Activity 1: Comparemos productos de fracciones en la recta numérica (15 minutes)

Narrative

The goal of this activity is to continue to compare the size of a product of fractions to the size of the second factor. In addition to the number line representation which students have worked with in the last few lessons, they also see a different expression that represents the product. In the next activity, this expression will be combined with the distributive property to explain in all cases why multiplying a number by a fraction less than one results in a smaller number while multiplying by a fraction greater than one results in a larger number (MP8).
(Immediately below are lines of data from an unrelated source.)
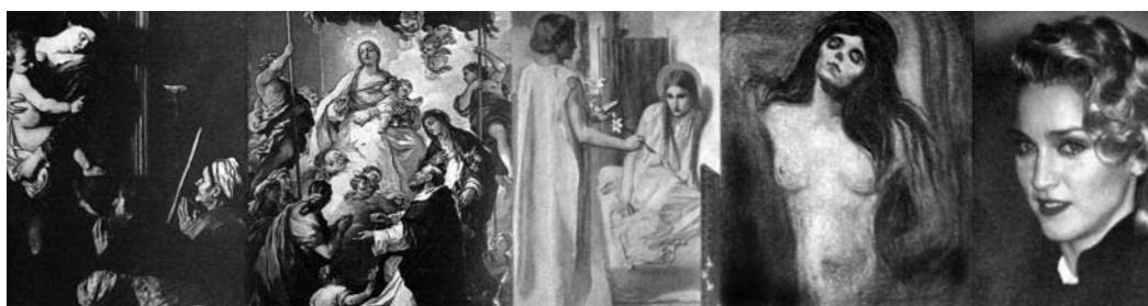
Ок. 1604. Караваджо. Мадонна с паломниками. Рим, Сант Агостино Ок. 1686. Лука Джордано. Мадонна с четками (Мадонна под балдахинном). Неаполь, музей Каподимонте 1849–1850. Данте Габриэле Россетти. Ессе ancilla Domini. Лондон, Галерея Тейт 1894–1895. Эдвард Мунк. Мадонна. Осло, Национальная галерея 1991. Мадонна (Луиза Вероника Чикконе)
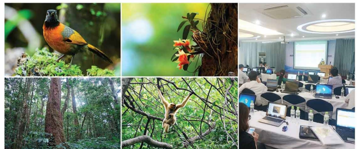
Tính đa dạng sinh học của Việt Nam
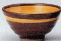
486-01-011 900円 0101486001 光明茶碗 (11.2×5.9cm)
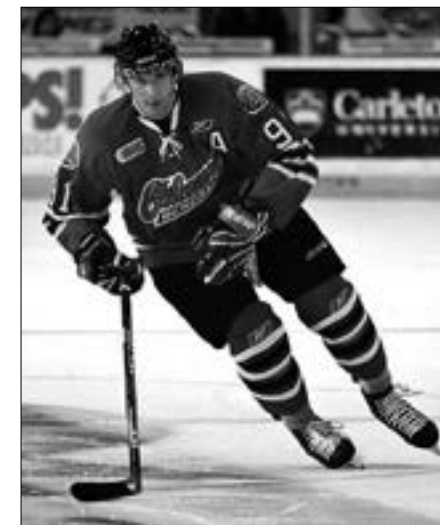
Olšováčka připravil Petr Mahel

Lední hokej ale vznikl v Kanadě, kde je národním sportem.

MLR8 Discussion Supports. Students should take turns finding a match and explaining their reasoning to their partner. Display the following sentence frames for all to see: “Observé _____, entonces agrupé . . .” // “I noticed _____, so I matched . . . .” Encourage students to challenge each other when they disagree.
Advances: Representing, Conversing

Launch

  • Groups of 2

Activity

  • 1–2 minutes: quiet think time
  • 6–8 minutes: partner work time

Student Facing

  1. Agrupa las expresiones y las rectas numéricas que muestran el mismo valor.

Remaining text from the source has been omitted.